Outside the concert, as the “yard sales” along the roadsides attested, wasn’t as much in order. The Supervisor reported that there were around 50 arrests in Stephentown, and that these alleged malefactors will “put a tremendous burden on our court system.” Eckhardt explained that the Town gets pretty much nothing from fines for criminal activities even though they do get to pay to process them. However, “I don’t like the idea of illegal drugs in Stephentown,” said Eckhardt. “If you are going to come sell illegal drugs in Stephentown, and get caught? Well, boo-hoo. Boo-hoo on you.”

Stephentown isn’t really in a position to take on any more burdens this year, at least financially. For those keeping score at home, this month’s legal bills paid came to a total of $3,262.50, or 26% of the Town’s entire budget for attorney fees. But that percentage doesn’t really have any relevancy anymore, because the Supervisor said that Stephentown is now at $39,195 for legal fees and it’s only June. Since the budgeted amount for 2018 was an overly hopeful $12,500, legal fees are now 313% past hope. “And we’re not done,” added Eckhardt.

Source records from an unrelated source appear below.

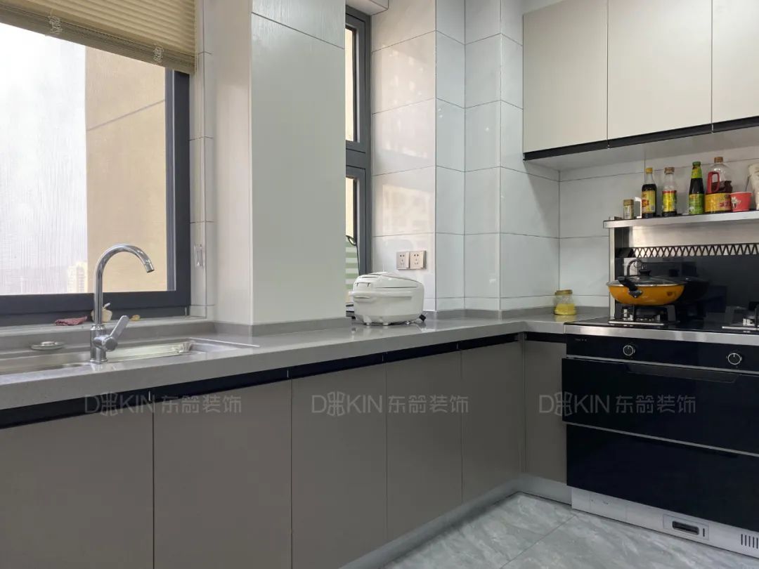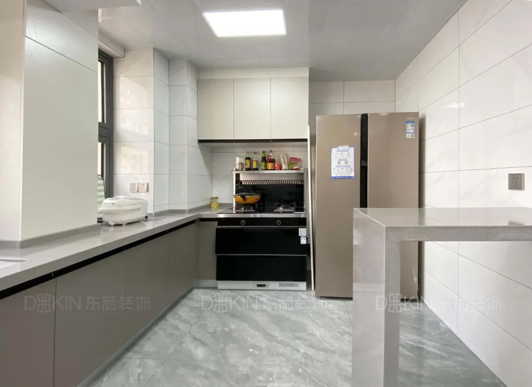 1.厨房空间在原有基础上扩大,多做出了一个西厨台面更显档次。
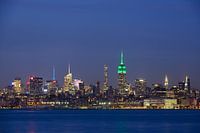 New York Skyline in de avond - Midtown Manhattan. Het meest prominente gebouw is het Empire State Building. Je ziet onder andere ook het bekende Chrysler Building.
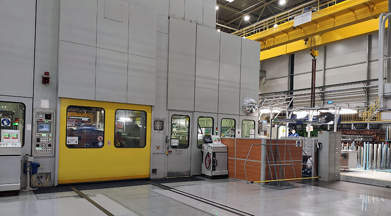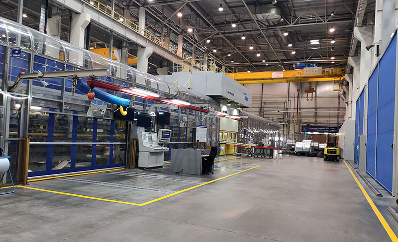 Производство автомобиля начинается с металла – с получения проката и подготовки его к процессу изготовления кузова. На завод Hyundai Motor металл приходит в рулонах, первая стадия его подготовки – очистка, выправка и нарезка под шаблоны для штамповки. Линия подготовки расположена с левой стороны кадра, а справа – закрытые от пыли полки промежуточного склада.

Not all the legal fees are for the Hanson-Baker-Stephentown case over a trailer park which might, or might not, be parked legally in the Town. However, from the sound of things at the June Board meeting, it looks like legal spending on that matter will continue for some time, with no real hope at the end of the tunnel for the taxpayers of Stephentown. Resident Francis Manning told the Board he had put a deposit on one of the now-contested manufactured homes back in September, with hopes he could move in this Spring. It’s now this summer and he isn’t in. “When is this litigation going to stop?” Manning asked. Nobody could say when this litigation was going to stop. Manning said his perception of the matter that it was “a personal vendetta” by one person in Town, and “it wasn’t the first time” this one person had created a personal vendetta. “Can you put this guy to sleep?” asked Manning.

“This guy” is presumably a local attorney who was sitting just a few rows of folding chairs in front of Manning at the time. He didn’t appear all that surprised someone would publicly ask that he be euthanized at a Town meeting and have nobody from the Board maybe point out that such suggestions might be out of line. He has repeatedly pointed out that Stephentown Board meetings often follow a generalized view of what is accepted as acceptable decorum, if any decorum is actually expected at all. As another example, at this same meeting, Neil Gardner used a rather mild expletive (one so much in the vernacular of Stephentown probably few even noticed it) to describe all the money he spent out of his own pocket he says was due to this individual. Councilwoman Pam Kueppers responded by asking Gardner to “please watch your language.”

“Well, tough. I’m talking. If you don’t like it, that’s who I am,” said Gardner, who is, in fact, who he is.